(Data items)
----
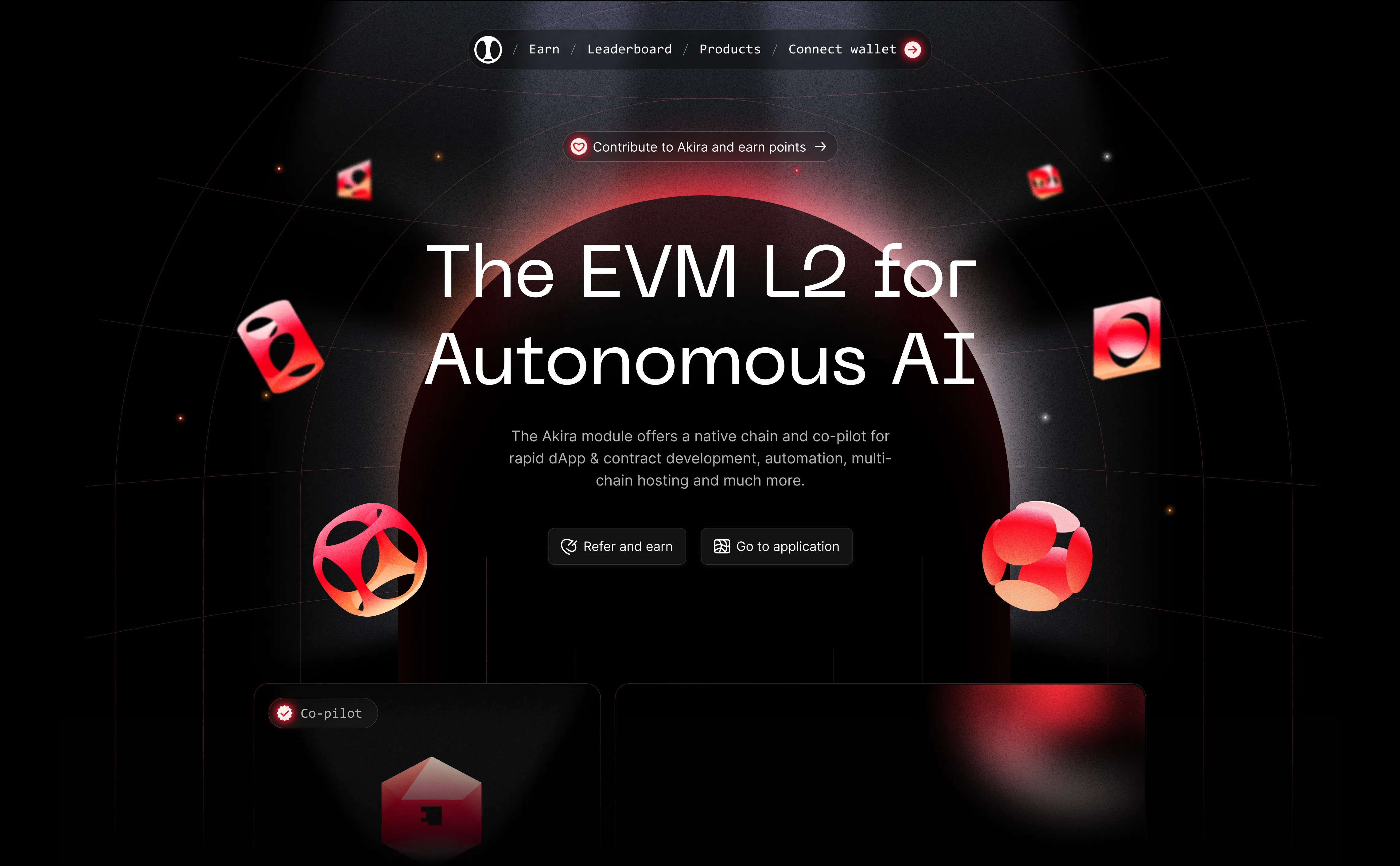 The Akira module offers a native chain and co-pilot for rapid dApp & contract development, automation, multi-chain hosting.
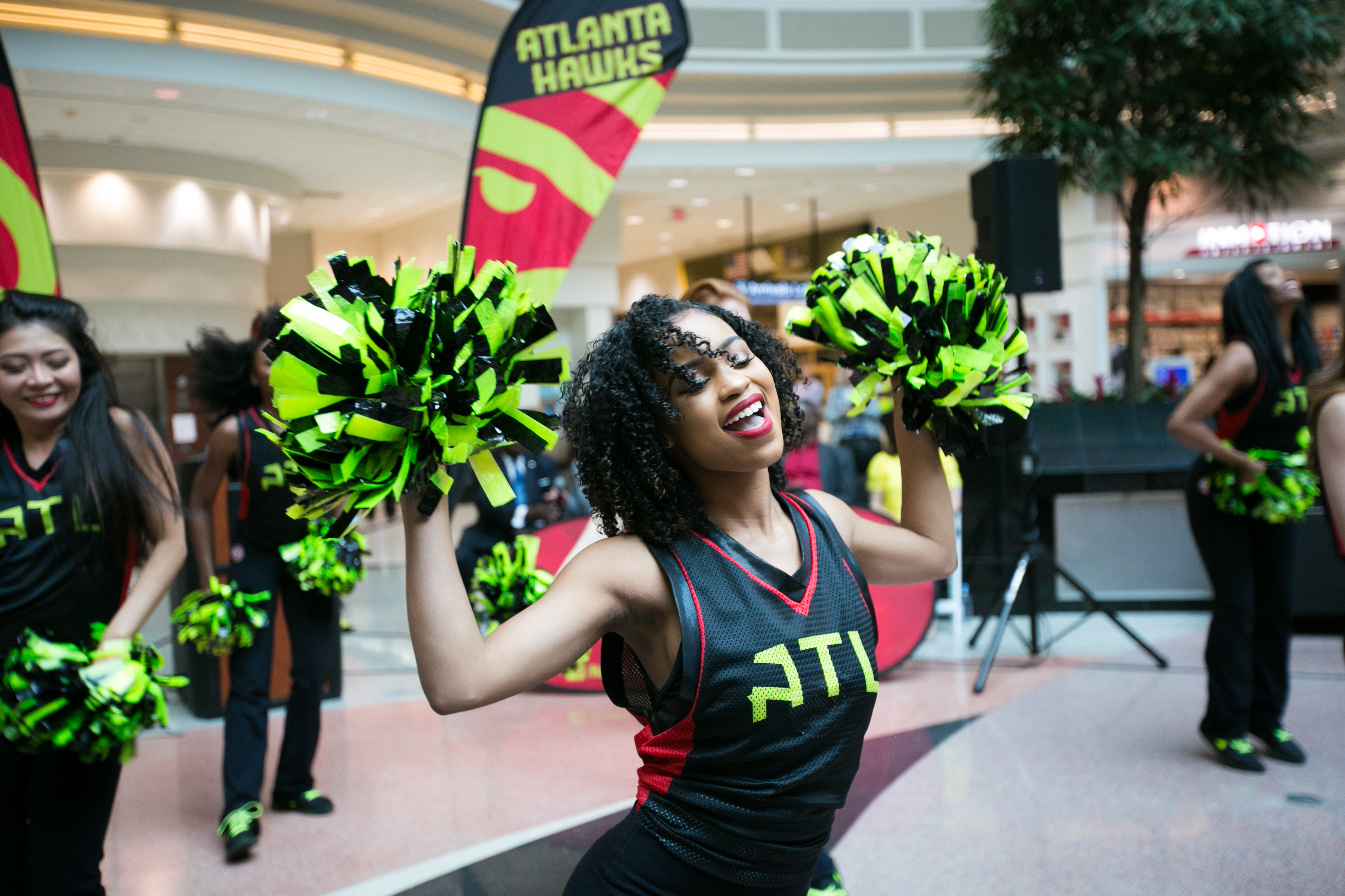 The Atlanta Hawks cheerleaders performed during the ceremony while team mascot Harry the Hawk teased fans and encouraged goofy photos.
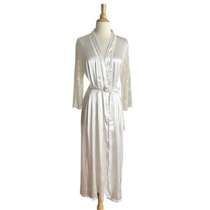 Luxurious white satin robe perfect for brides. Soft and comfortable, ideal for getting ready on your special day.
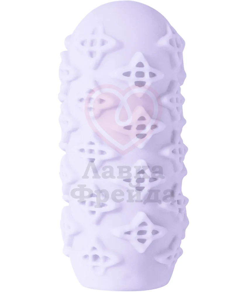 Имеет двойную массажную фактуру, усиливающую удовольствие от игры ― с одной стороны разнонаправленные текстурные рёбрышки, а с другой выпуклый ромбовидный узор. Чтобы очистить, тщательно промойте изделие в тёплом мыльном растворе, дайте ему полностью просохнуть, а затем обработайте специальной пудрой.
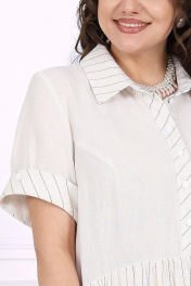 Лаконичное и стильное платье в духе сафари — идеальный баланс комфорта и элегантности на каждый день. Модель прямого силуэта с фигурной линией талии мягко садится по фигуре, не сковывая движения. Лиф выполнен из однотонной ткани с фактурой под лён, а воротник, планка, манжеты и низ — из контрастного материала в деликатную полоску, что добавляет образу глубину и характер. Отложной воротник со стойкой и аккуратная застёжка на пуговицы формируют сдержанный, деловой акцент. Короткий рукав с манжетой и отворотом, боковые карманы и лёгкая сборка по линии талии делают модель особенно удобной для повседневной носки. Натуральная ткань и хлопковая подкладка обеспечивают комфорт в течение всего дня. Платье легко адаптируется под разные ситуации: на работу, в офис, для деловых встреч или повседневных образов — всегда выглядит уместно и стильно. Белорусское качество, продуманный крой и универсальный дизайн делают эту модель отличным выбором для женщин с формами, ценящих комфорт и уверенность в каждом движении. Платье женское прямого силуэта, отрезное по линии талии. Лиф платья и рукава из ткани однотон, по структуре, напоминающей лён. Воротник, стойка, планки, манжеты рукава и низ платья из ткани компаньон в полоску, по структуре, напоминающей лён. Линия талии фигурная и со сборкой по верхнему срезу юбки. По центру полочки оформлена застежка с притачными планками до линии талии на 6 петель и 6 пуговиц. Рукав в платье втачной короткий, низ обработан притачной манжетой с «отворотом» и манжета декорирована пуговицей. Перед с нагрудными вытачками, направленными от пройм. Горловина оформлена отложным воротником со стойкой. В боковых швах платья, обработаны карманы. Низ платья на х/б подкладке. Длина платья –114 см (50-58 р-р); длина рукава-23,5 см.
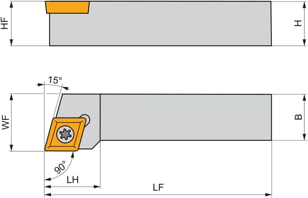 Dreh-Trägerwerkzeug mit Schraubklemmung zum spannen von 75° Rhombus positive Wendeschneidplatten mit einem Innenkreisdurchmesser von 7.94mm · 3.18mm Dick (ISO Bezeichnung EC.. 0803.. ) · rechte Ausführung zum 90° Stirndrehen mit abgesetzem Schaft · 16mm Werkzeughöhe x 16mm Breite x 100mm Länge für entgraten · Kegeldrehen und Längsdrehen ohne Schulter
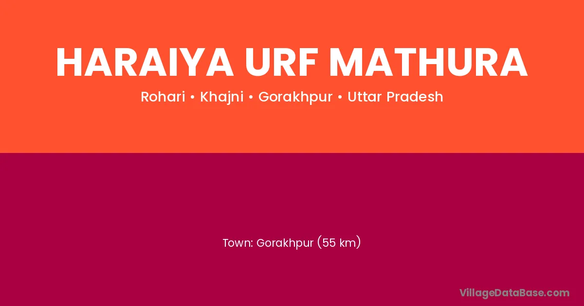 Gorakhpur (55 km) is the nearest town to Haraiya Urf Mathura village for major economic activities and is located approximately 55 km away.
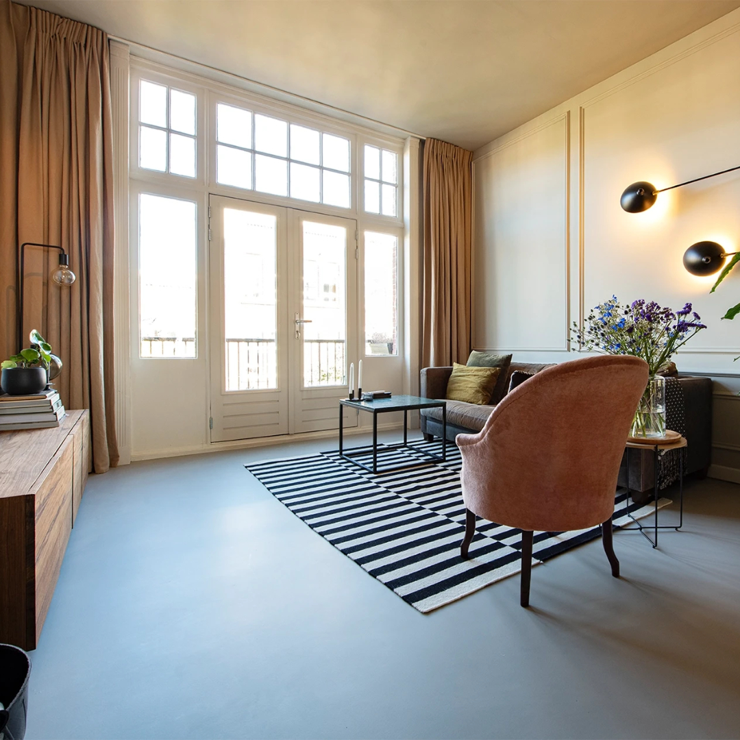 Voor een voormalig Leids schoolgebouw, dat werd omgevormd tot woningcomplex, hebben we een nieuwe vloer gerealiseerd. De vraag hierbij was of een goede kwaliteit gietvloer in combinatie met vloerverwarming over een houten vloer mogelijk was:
----
Task description: Look above for the line containing "The Atlanta Hawks", then copy exactly from it through the line containing "Имеет двойную массажную", keeping both and leaving out pictures. Add nothing else.

Answer:
 The Atlanta Hawks cheerleaders performed during the ceremony while team mascot Harry the Hawk teased fans and encouraged goofy photos.
 Luxurious white satin robe perfect for brides. Soft and comfortable, ideal for getting ready on your special day.
 Имеет двойную массажную фактуру, усиливающую удовольствие от игры ― с одной стороны разнонаправленные текстурные рёбрышки, а с другой выпуклый ромбовидный узор. Чтобы очистить, тщательно промойте изделие в тёплом мыльном растворе, дайте ему полностью просохнуть, а затем обработайте специальной пудрой.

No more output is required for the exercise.